More good news. I was able to get a kdump during one of the soft lockups. In fact, it only took a few hours. I think that perhaps soft lockups may have been occurring before the machine becomes unusable. This means that perhaps I can actually run the nvidia debugging tool. Fingers crossed for that.

Can you please share complete log for triage purpose.

The kdump is a memory dump rather than a log file. I can’t share it directly because this is my work machine and it might have sensitive information in it. If you are familiar with kdumps, I can extract any information you are interested in via the crash tool.

I’m still optimistic that I’ll be able to run the nvidia log collector, but no luck on that yet.

More good news/bad news. I experienced a soft lockup in which I still had some control over the machine, and was able to run the nvidia debug script.
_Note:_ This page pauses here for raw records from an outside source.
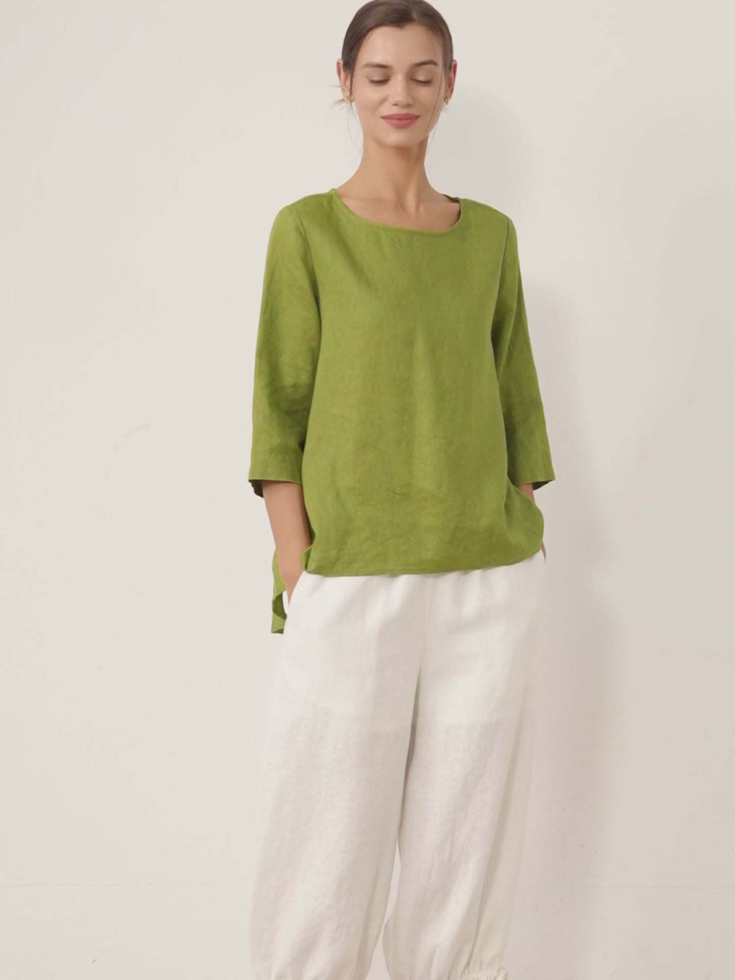 Haut en lin 100% à col rond et ourlet asymétrique BRIANNA
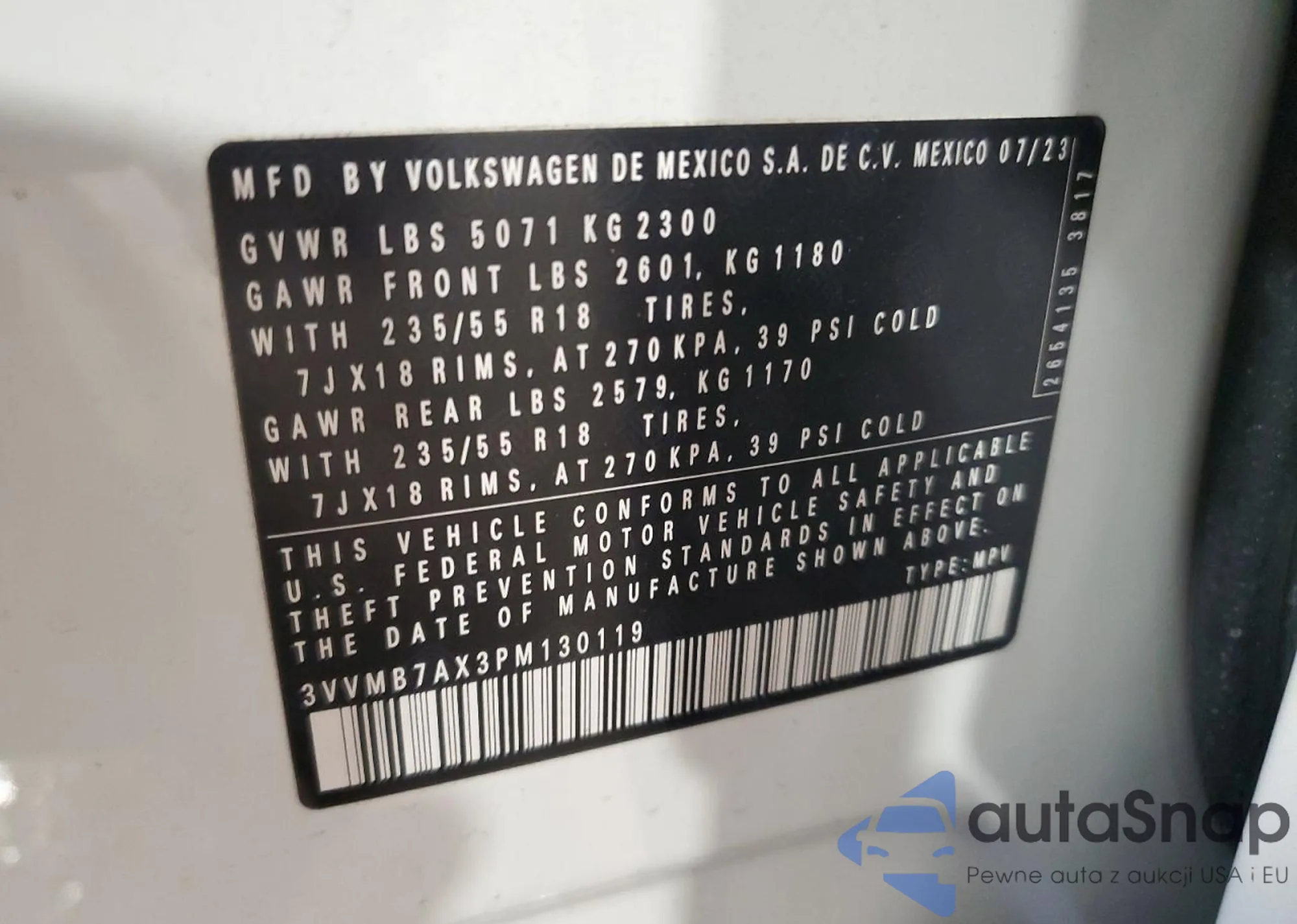 • VIN 3VVMB7AX3PM130119
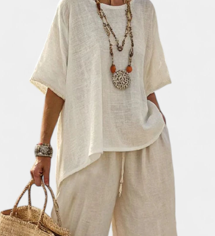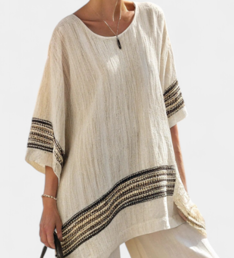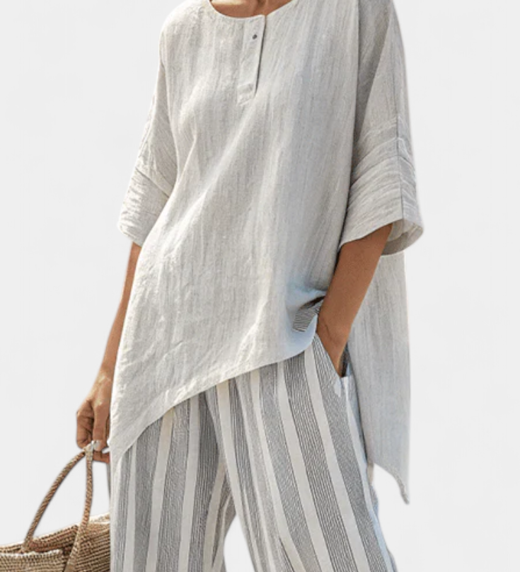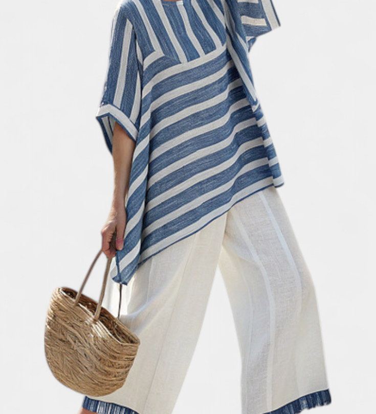 Θάλεια – Σετ Λινών Ριγέ Ρούχων με Ασύμμετρη Μπλούζα και Φαρδιά Παντελόνια

The bad news is that the script hung and barely contains any useful information.

nvidia-bug-report.log.gz (2.0 KB)

Here is the process tree:

You can see that it gets stuck while executing cat on the power file.

Also relevant is that the irq/i64-nvidia process is using 100% CPU at this time.

I’m not really sure what else I can do to help at this point.

Indeed the attached information doesn’t have useful information and unfortunately I am not able to reproduce issue so far.
Request you to try with latest released driver and share bug report if issue persists.

Please try with latest released driver and share bug report if issue persists.